After severing the left hind quarter,
Ironheel cut off the animal’s hoofs and horns and laid them aside,
still intoning guttural vocables beneath his breath and making what
appeared to be ritual gestures.

“What are you doing?” Easton asked, unable
any longer to contain his curiosity.

“Giving thanks to Yusn,” he said. “Paying
tribute.”

Easton gestured at the entrails lying to one
side. “That?”

“For Crow. If I leave good food for him he
will make me lucky.”

Crow, Easton thought. Don’t ask. “The haunch
is for us?”

“Ha’ah.”

“And the hoofs?”

“It is usual to take the head home. We cannot
do that. So we take the horns and hoofs. Then we will have luck
again next time we hunt.”

“What about the rest of the carcass?”

Ironheel shrugged. “If I had yucca leaf
strings I would hang it in a tree so the animals can’t get to it.
But we have no time, so I will cover it with the hide and say to
the animals, ‘This belongs to Yusn. Leave it alone.’”

He folded the peeled pelt back over the
remainder of the carcass and stood up, stretching his arms wide and
chanting in Apache the words he had just spoken. Then, squinting up
at the sky, he moved the dead deer around until its head was
pointing east.

“Baa ihe’danzigo,” he said to the sky, giving
thanks.

The ceremony of the kill, Easton thought, the
head pointing east, where the sun rises, where the Apache pray to
Yusn every morning. Somehow, up here in the wilderness, it all
seemed fitting.

“We’ll need cedar wood to cook the meat,”
Ironheel said.

“Because it tastes better,” Easton said, with
a little smile.

Ironheel looked surprised. “How did you know
that?”

“I didn’t,” Easton said. “But I knew if I
asked, that’s what you’d answer.”

Ironheel grunted something that sounded
uncomplimentary and moved off through the trees, the deer haunch on
his shoulder. Easton followed along, belly rumbling at the prospect
of fresh meat.

~*~

Night enveloped the mountains like a shroud.
Inside the cave, it was dry and cool, the floor sandy and level.
Outside, they could hear the sounds of small creatures skittering
through the undergrowth, and once, the gentle whirr of an owl’s
wings whispered past in the darkness. The entrance to the cave was
like a low tunnel that made a half turn to the right and opened up
into a domed vault in which a man could stand comfortably
upright.

As they fumbled their way in, Easton thought
he heard a soft slither of movement, and felt a chill of disquiet.
Rattlesnakes love cool caves.

“Any snakes in here?” he whispered, aware of
the tension in his voice.

Ironheel made an impatient gesture. “Snakes
don’t like you any more than you like them. Don’t put your hands or
your feet anyplace you can’t see them and you’ll be fine.”

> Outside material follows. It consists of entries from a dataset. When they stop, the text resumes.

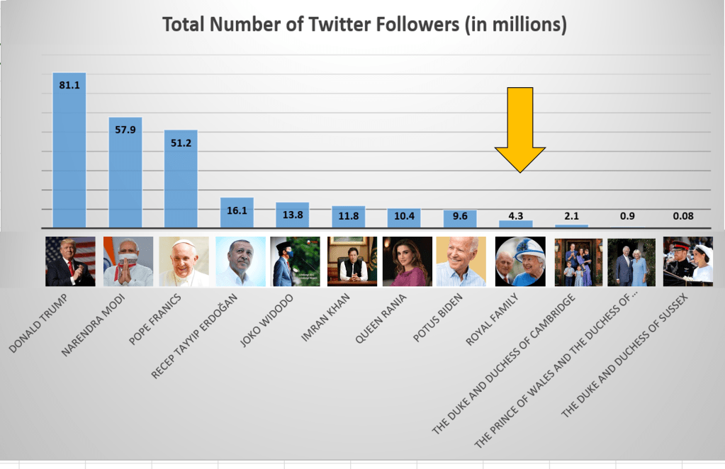 Yet the Royal Family seems to have failed to adapt to the digital age. Unlike world leaders, that attract tens of millions of social media followers, Royal accounts arouse little interest. An analysis of the popularity of world leaders on Twitter, shown in the graph below, demonstrates that the Queen lags behinds all her peers. While Donald Trump attracted some 80 million Twitter users, and Pope Francis boasts a following of 51 million Twitter users, Queen Elizabeth and the Royal Family settle for a meager 4 million users. The heir (Prince Charles) and the spare (Prince William) are the least followed of all evaluated world leaders.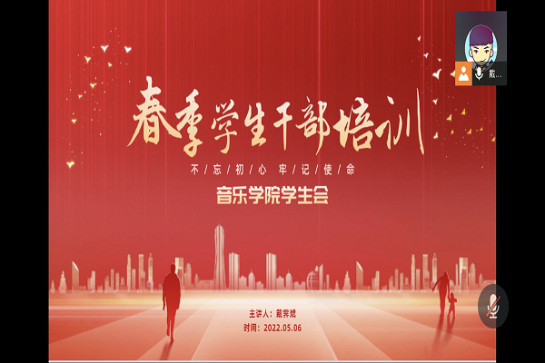 (通讯员 邓双双 彭慧琳 王嘉仪)5月6日中午,音乐学院学生会于线上开展本学期春季学生干部培训课。此次课程以学习党的十九届六中全会精神及湖南省第十二次党代会精神为主题,20级辅导员戴霁斌担任主讲人。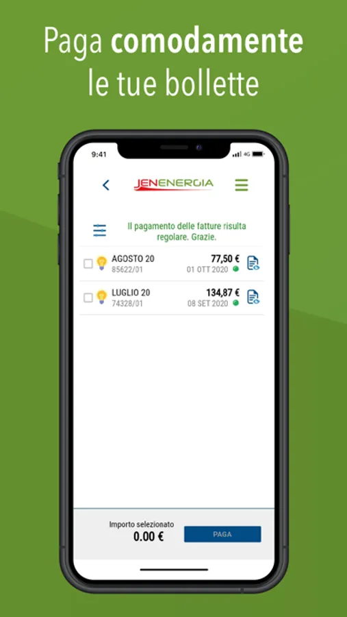 Con l'App gratuita di Jen Energia puoi gestire le bollette, comunicare l’autolettura e verificare lo stato dei tuoi pagamenti di Gas ed Energia Elettrica con un semplice click.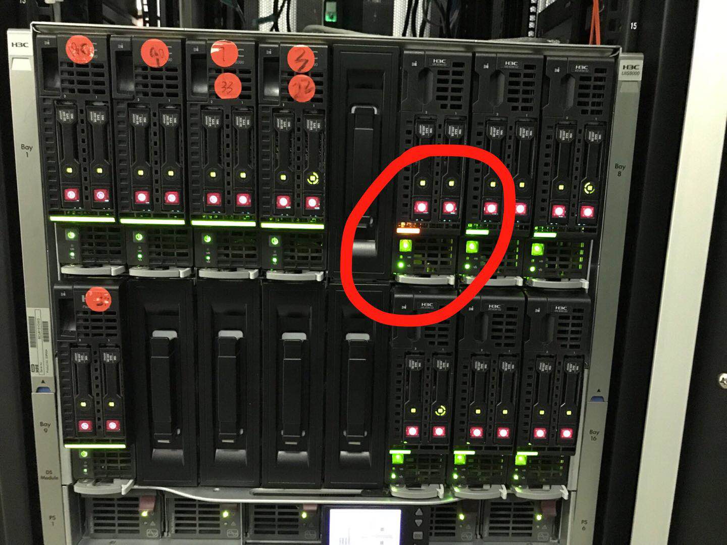 是硬盘上的还是刀片上的指示灯?可以通过如下链接中的用户指南查看具体指示灯的含义:

If that was supposed to be reassurance,
Easton thought, it fell some distance short of target.

“We need light. A fire,” he said.

“Help me with this first,” Ironheel grunted,
leaning hard against a big round boulder that stood to one side of
the entrance to the cave. As he did Easton felt, rather than saw it
move, and when he added his own weight to Ironheel’s the boulder
shifted again, tilting to the right.

“Again,” Ironheel said. This time the rock
moved through about fifteen degrees to the right, partially
blocking the entrance. It had obviously been used for this purpose
before. Easton stood back and looked at it.

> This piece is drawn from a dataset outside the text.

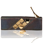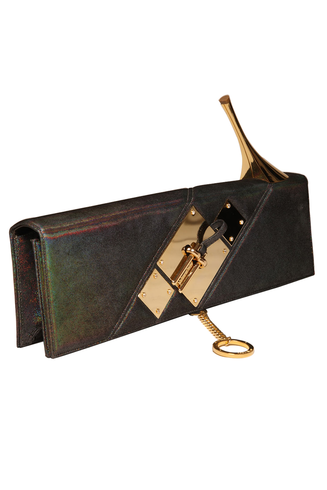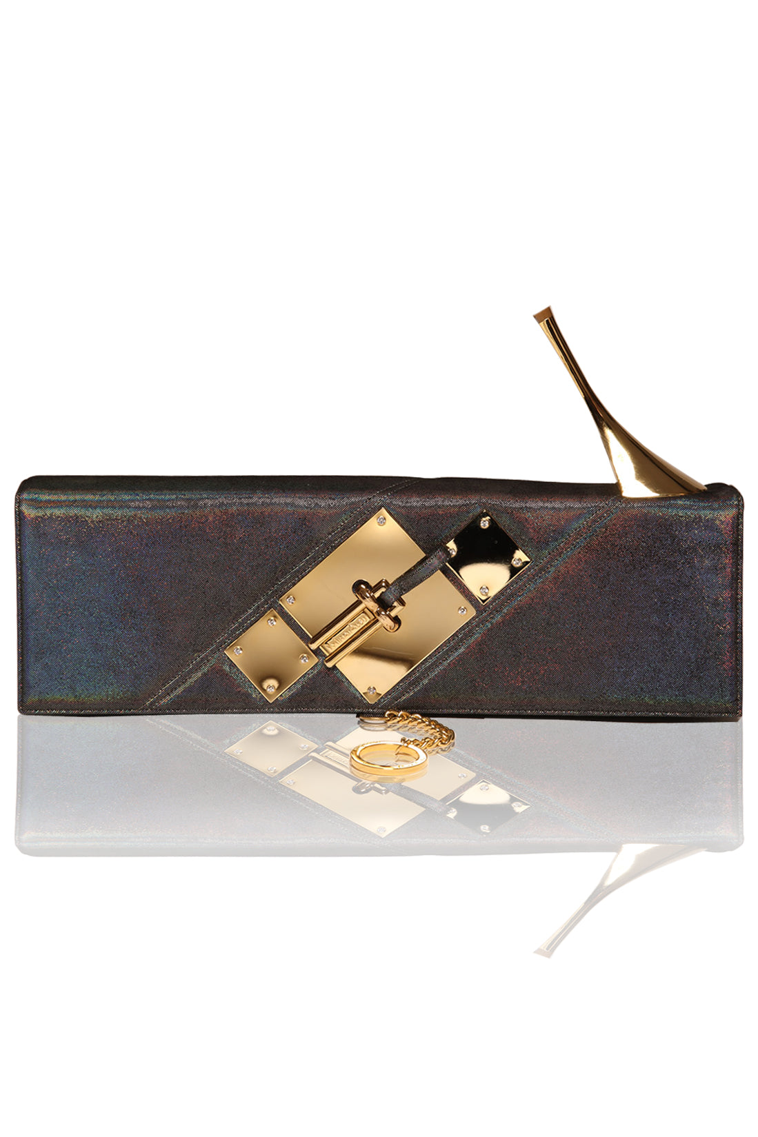 Trei plachete aurii metalizate tip oglindă formează o fațadă deluxe alături de clema cu două vârfuri care se prinde în închizătoarea în formă de M. Clapa cu un stiletto decorativ, alături de un compartiment din piele și poliester, creează un joc seducător de nuanțe reflectorizante. Poșeta plic are un lănțișor rafinat și functional cu un inel auriu, care îți oferă o prindere mai fermă atunci când o porți în mână.

“If that old man rigged that thing, he was no
maricon,” he said.

Ironheel nodded. “Keeps light in, cold out,”
he said.

A match scraped, limning Ironheel’s features
in the flickering flame. Before the day faded they had gathered
kindling and dry cedar wood to start a fire. The important thing to
remember, Ironheel told him as they piled twigs and small sticks on
to the growing blaze, was that you only needed a little fire to
keep the chill out of the night air. Of course, a big fire kept you
warm, too – running around looking for wood to keep it burning.